In today’s world, the medical community has changed drastically—and will continue to evolve as time goes on. Twenty years ago, children’s mental health wasn’t recognized or accepted the way it is today. Even if a parent advocated for their child and begged for a doctor’s help, they were often turned away with the dismissive reassurance that “it’s just a phase—they’ll grow out of it.” Back then, children weren’t typically evaluated for mental health concerns until mid-adolescence—around 14 or 15—and by that point, it was often too late. The damage had already begun.
Today, as many as 8.4% of children are diagnosed with ADHD at school age. ADHD is a chronic, debilitating disorder that impacts nearly every area of life and functioning. Without proper treatment, symptoms can carry into adulthood, often leading to low self-worth, disorganization, and social struggles.
And ADHD is just one example. Children face countless mental health challenges as they grow. As parents, we’re often faced with hard choices: do we advocate fiercely for our children, or do we hope the problem will fade on its own? It’s easy to say what we would do—until we’re the ones living it.

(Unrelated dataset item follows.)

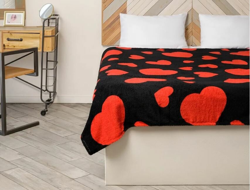 10 цен на Плед мягкий плюшевый Черный Красные Сердечки 180х200 см

For me, the choice wasn’t really a choice at all. My child came before myself. It wasn’t about my fears or feelings—it was about doing what was best for him. He was struggling, and it was affecting not just him, but everyone around us.

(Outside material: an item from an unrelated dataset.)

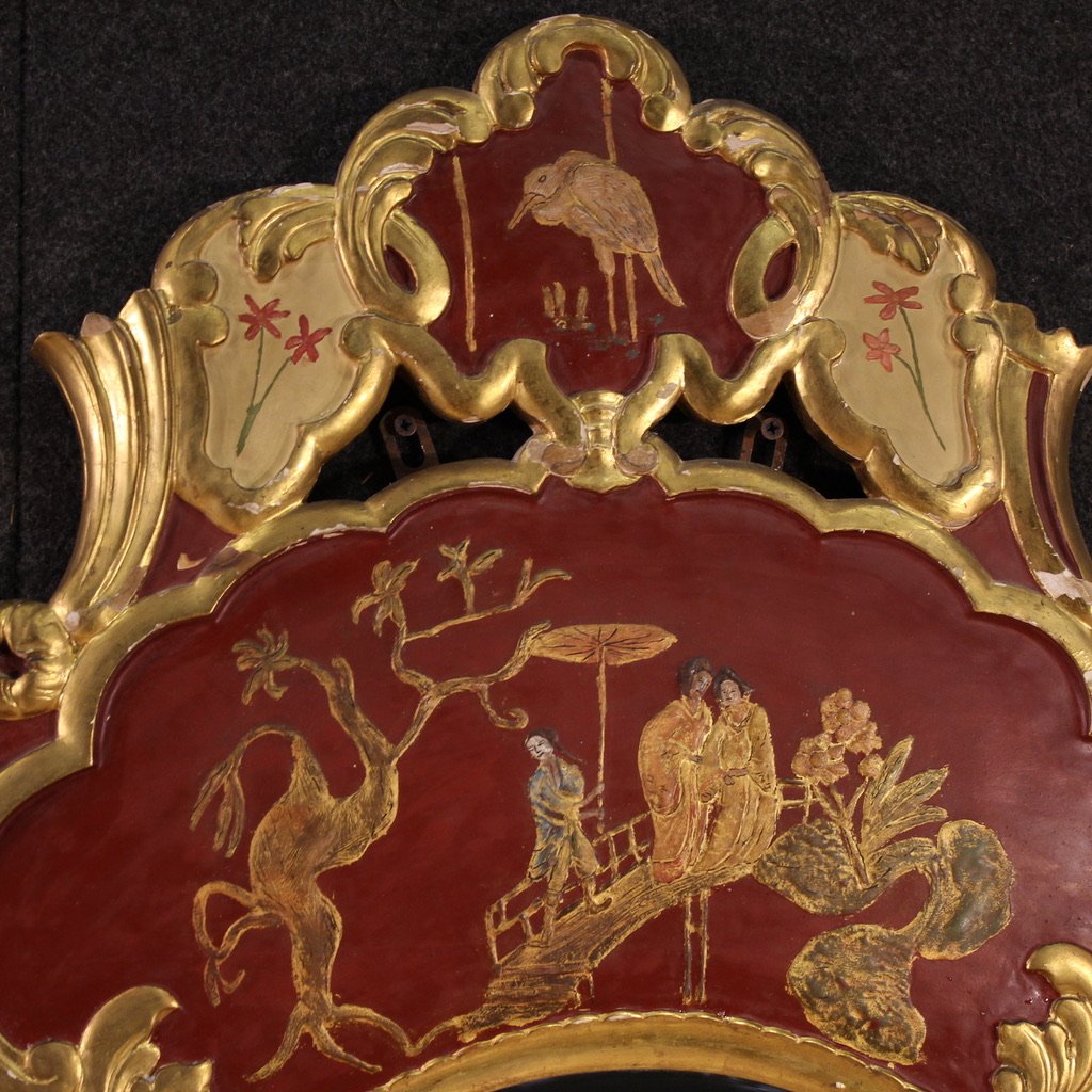 Venetian Chinoiserie Lacquered, Painted, and Gilded Mirror, 1950s

It’s easy to stand on the outside and judge another parent’s decisions—whether it’s about medication, diet, or friendships. But every parent makes the most informed choice they can, based on what they know and what they have. We may not agree with every choice, but that’s the beauty of parenting—we all get to do what we believe is best for our own children.
When I made the decision to put my son on ADHD medication, I had already heard all the opinions—“kids are overmedicated,” “try the natural way,” “medicine changes their personality.” I also had my own life experience to weigh against those messages. I’m a strong advocate for mental health treatment, including medication, because I’ve lived the proof.

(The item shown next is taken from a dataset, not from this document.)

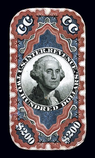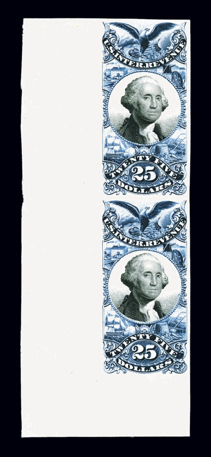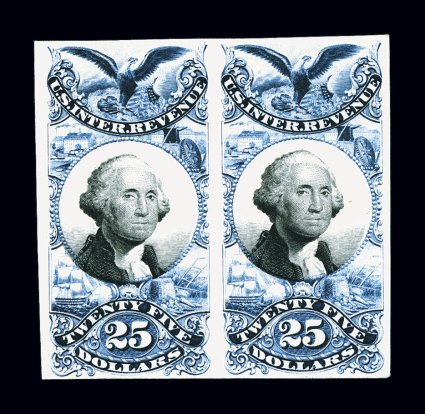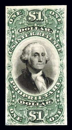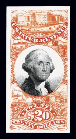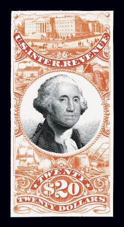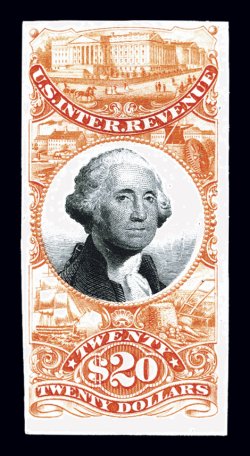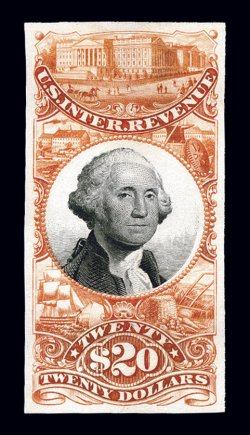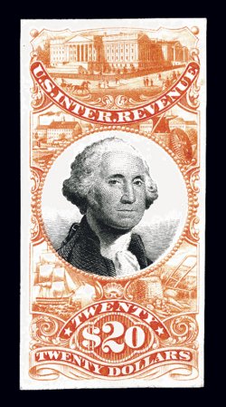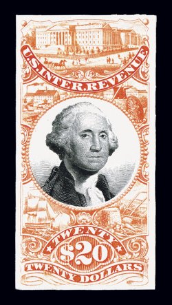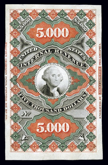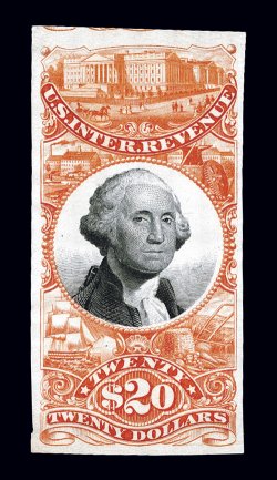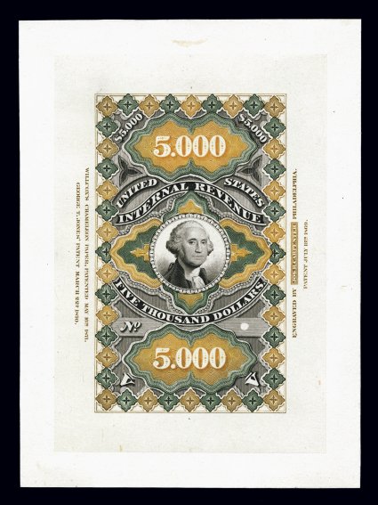 1067 TC R133ATC image#R133ATC (Turner Essay 110a), $5,000.00 Yellow orange, green and black, large die trial color proof on India, mounted on full 122x167mm card, with complete manufacturer's imprints at both left and right and security punch in the India, possessing truly outstanding freshness and cleanliness, with radiant rich colors on bright white papers, extremely fine.The $5,000.00 Internal Revenue stamp was actually designed and approved for production but was never issued. The only examples that are known of this value are in proof form, all but one being on India and largely in differing shades of the orange and green. The total known is twenty-five with ten residing in the National Postal Museum of the Smithsonian. Of the total only five examples have full imprints and of those only three are available to collectors. Two of those are in the yellow orange, green and black combination. The example offered here is the finer of the two and the finest of any $5,000 Revenue in private hands.An incomparable trial color proof of this highest denomination 19th century revenue stamp. Not only because of its extreme rarity, but also because of its pristine quality, this exquisite proof would certainly provide the centerpiece to a great collection of United States Revenues; 1991 PF certificate as a Turner Essay 110 from before it became listed in the Trial Color section of the Scott catalog; ex-Joyce. (Image) $7,500.00

I’ve had ADHD my whole life, but it went untreated until adulthood. For years, I struggled to find balance—on and off medication—each time believing I could “go natural,” only to end up worse off. Stability finally came when I accepted help and stayed consistent with the right treatment.
So when it came to my son, I was willing to take the risk. If it didn’t work, we could always go back to other methods. It hasn’t been an easy journey, but I’ve stood beside him every step, fighting for answers. Today, with the right diagnosis and the right medication, he’s more stable than I ever imagined three years ago.
One of the most important reasons I fought so hard for my son’s mental health was to help him avoid the same consequences I faced from untreated mental illness. Seeing him for who he is, hearing him, and responding with compassion is what has gotten us here.
We must advocate for our children—even when it’s uncomfortable, even when others don’t understand, even when we’re not sure we’re ready to ask for help. Because if not now, then when? How long do we wait before “the right time” becomes too late?